A passenger from the middle row, however, said it was already pitch-black. “Total darkness,” he recalled.

An actual footage of the scene inside the plane taken minutes after the errant landing corroborates this. Nothing is heard apart from indistinct, terrified ramblings.

Some say “smoke” and others say “the smell of fuel” overtook the plane’s interior. Passengers would attest later on that some among them were crying, including a 7-month-old baby.

‘Speak in English’

There were attempts from the airline crew to contain the crowd’s panic. Most of them were already rushing to get their hand-carry bags from the overhead compartment.

“Wait lang po. Antayin natin yung announcement from the pilot,” a flight stewardess was quoted to have said. (Please wait. Let us wait for the announcement from the pilot.)

She forgot to use a megaphone in addressing the plane’s 165 passengers and also forgot there was a foreigner in the crowd.

“Please speak in English,” the foreigner requested.

Bo steps in

Navy reservist Marlon Bo asked the pilot what the plan was, but he didn’t get a straight answer. That was the time he knew he had to step in.

(READ: CebuPac broke SOP to ‘evacuate passengers immediately’?)

The 31-year-old shipping consultant introduced himself as “Lieutenant Bo of the Philippine Navy” and asked if there were doctors, nurses, or soldiers in the plane who can help.

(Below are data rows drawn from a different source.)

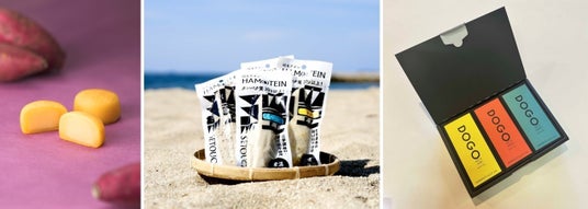 愛媛の定番のお土産となっているお菓子「母恵夢(ポエム)」や、みかんのお菓子、日本三大栗の1つである中山地区の栗を使った隠れた名品・栗の甘煮、人気急上昇の鱧でできたプロテインバー「鱧テイン」、入浴剤「高級温泉のもと 道後の湯 DOGO」などが揃います。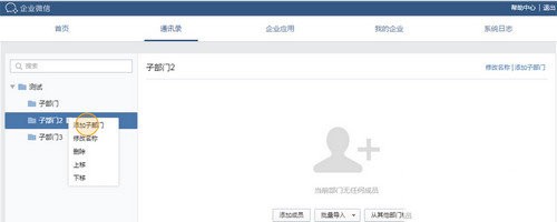 点击“通讯录”的部门旁的三角符号或者在成员列表右上角进行添加子部门。与此同时还提供了修改部门名称、调整部门顺序等操作。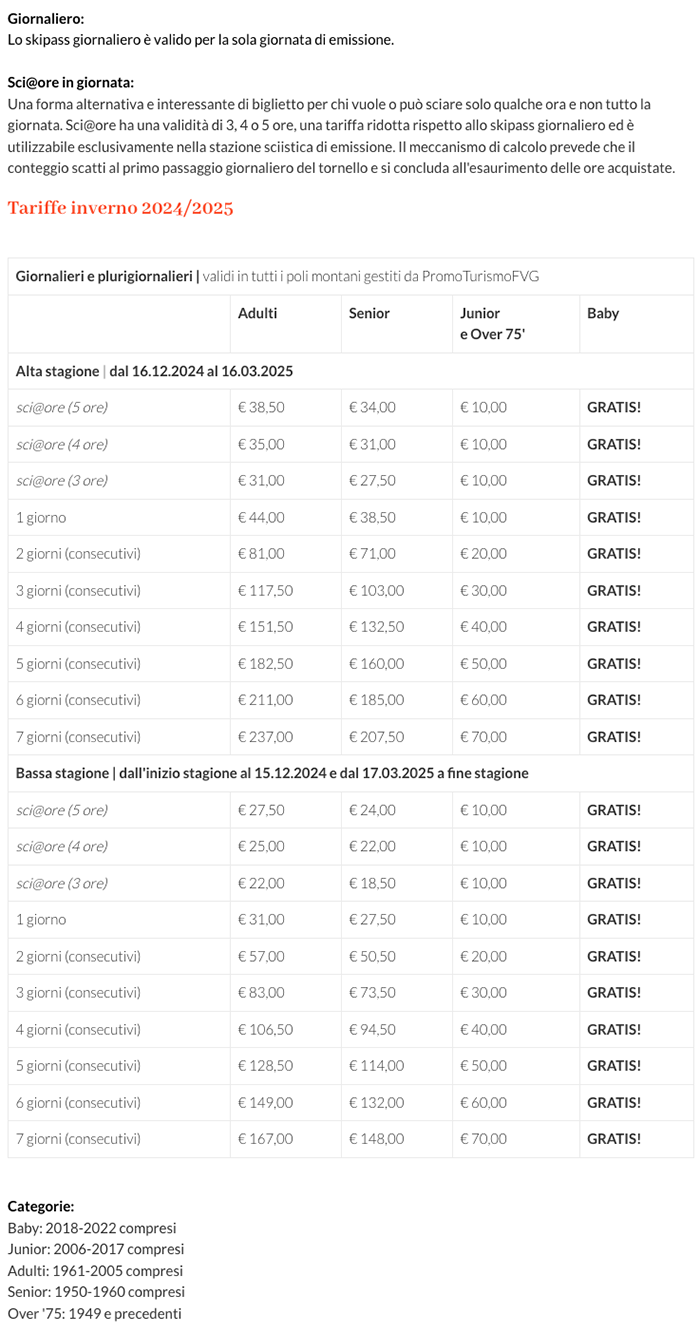 Prezzi Skipass Giornaliero Sci@ore Piancavallo 2025/2026

Nung moment na yun (At that moment), to tell you frankly, I was also afraid,” Marlon would later on recall in an interview. “Totoo yung sinasabi sa Navy (What they say in the Navy is true): Courage is not the absence of fear but the ability to control it.”

On June 14, Bo was awarded by the Philippine Navy at the Navy Reserve Command in Intramuros where he works every Saturday as a reservist.

“I wasn’t even on active duty, but I had to establish my authority for them to calm down,” he said, explaining why he introduced himself as Lieutenant when he wouldn’t do so in normal circumstances.

HERO. Ensign Marlon Bo (center) calmed and guided the passengers of Cebu Pacific that overshot the runway of the Davao Airport on June 2.

Funny moments

Mistaking him as the pilot and not hearing clearly what his name was, the passengers called Marlon “Captain Bok.” He didn’t mind and never corrected it even after the incident.

One of the passengers remembers Marlon’s voice distinctly. “Relaks lang po kayo. Alam po nila ginagawa nila,” the passenger quoted him. (Just relax. They know what they’re doing.)

At that moment, it made all the difference.

Nino Alinsub, who wrote a detailed account of his experience, called Marlon a “guiding voice.”

There are times, Bo said, when you look back and laugh at certain moments during the incident.

Many times throughout the ordeal, he referred to the plane as “barko” (ship) — “Huwag po tayong magkagulo dito sa barko” — because his training in crisis management mainly involved ships. (Let’s not panic here in the ship.)

There was also the time a passenger told him he couldn’t take off his belt. “Sir, malalaglagan na po ako kapag wala yung belt!” the passenger said, when Bo asked everyone to take off any metallic thing they were wearing before exiting through the emergency slide. (“Sir, my pants will fall without the belt!”)

“But you can only laugh looking back,” Bo said. “We really thought we were going to die.”

Bonds formed, lives altered

Bo made it clear that he was not the hero of the story, and that they all helped each other.

“We worked together to get out alive,” he said, explaining how they disembarked peacefully with women and children first leaving the plane.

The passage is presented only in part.